Cytoplasmic vacuolisation of hepatocytes
what 3 signs/symptoms are there of inflammation at a microscopic level?
Hyperaemia
Exudation of fluid
Emigration of leucocytes
how does hyperaemia lead to vascular dilation?
injury causes a direct affect on vessels -> vascular dilation
injury causes a nervous reaction (axon-reflex) -> vascular dilation
injury damages cells which release chemical mediators which lead to vascular dilation
what is the mechanism of exudation: fluid movement?
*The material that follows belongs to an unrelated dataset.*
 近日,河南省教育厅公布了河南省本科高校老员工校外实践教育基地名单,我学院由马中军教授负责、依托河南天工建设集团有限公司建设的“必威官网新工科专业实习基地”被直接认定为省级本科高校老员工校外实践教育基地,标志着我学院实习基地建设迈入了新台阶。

hyperaemia -> capillary blood pressure rises -> increased filtration pressure
loss of protein from capillaries -> reduced plasma osmotic pressure -> increased filtration pressure
interstitial tissue protein increase -> increased tissue osmotic pressure -> increased filtration pressure
……..
increased filtration pressure -> local swelling (oedema) -> increased lymph flow from area
how does the net movement of plasma proteins and fluid moving into the interstitial space occur?
electrolytes in the artierial side and protein increase the oncotic pressure from osmotic conditions - the increased oncotic pressure moves water and protein out of the vessel from the venal side
what is the advantage of exudation?
fluid increase -> dilution of toxins (reduce toxin concentration in the area)
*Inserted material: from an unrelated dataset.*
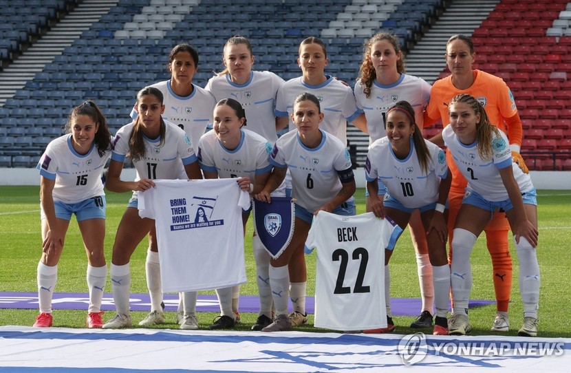 그라운드에 들어선 이스라엘 선수들은 경기 시작을 앞두고 사진을 찍는 과정에서 하마스가 억류한 인질들을 언급한 문구를 담은 티셔츠를 전면에 내세웠다.

what is the contents of the exudation fluid?
- globulins (protective antibodies)
- fibrin deposition ( limit bacterial spread)
- various factors (promoting healing)
what is the exudation protein passage?
chemical mediatiors:
- endothelial contraction
- increased permeability*
direct endothelial injury (e.g. burns) - increased permeability*
which cell is the first to the site of damage?
neutrophil
what do neutrophils do?
degrade cell debris (cells damaged from toxins etc)
what kind of cells are neutrophils?
phagocytes
where are neutrophils made?
bone marrow
how long are neutrophils around for?
short lives - 1-3 days
what enzymes do neutrophils contain and what do they do?
- myeloperoxidase (generates hydrogen peroxide)
- lysozyme
- acid hydrolase (hydrolysis)
what kind of nucleus does a neutrophil have?
polymorphonuclear
how do neutrophils kill?
- engulf bacteria by opsonisation
- endocytosed
- endocytic vesicle
- fuses with lysozymes
- phagolysozome created
- respiratory burst
- oxygen free radicals from respiratory burst
- contributes to hydrogen peroxide formation
- hydrogen peroxide free radicals
- all react with bacteria and kill it
how do neutrophils do ‘opsonisation’?
wrap bacteria in antibodies/c3
antibodies/c3 receptors on neutrophil to engulf it
how does having repeat bacterial infections affect neutrophils?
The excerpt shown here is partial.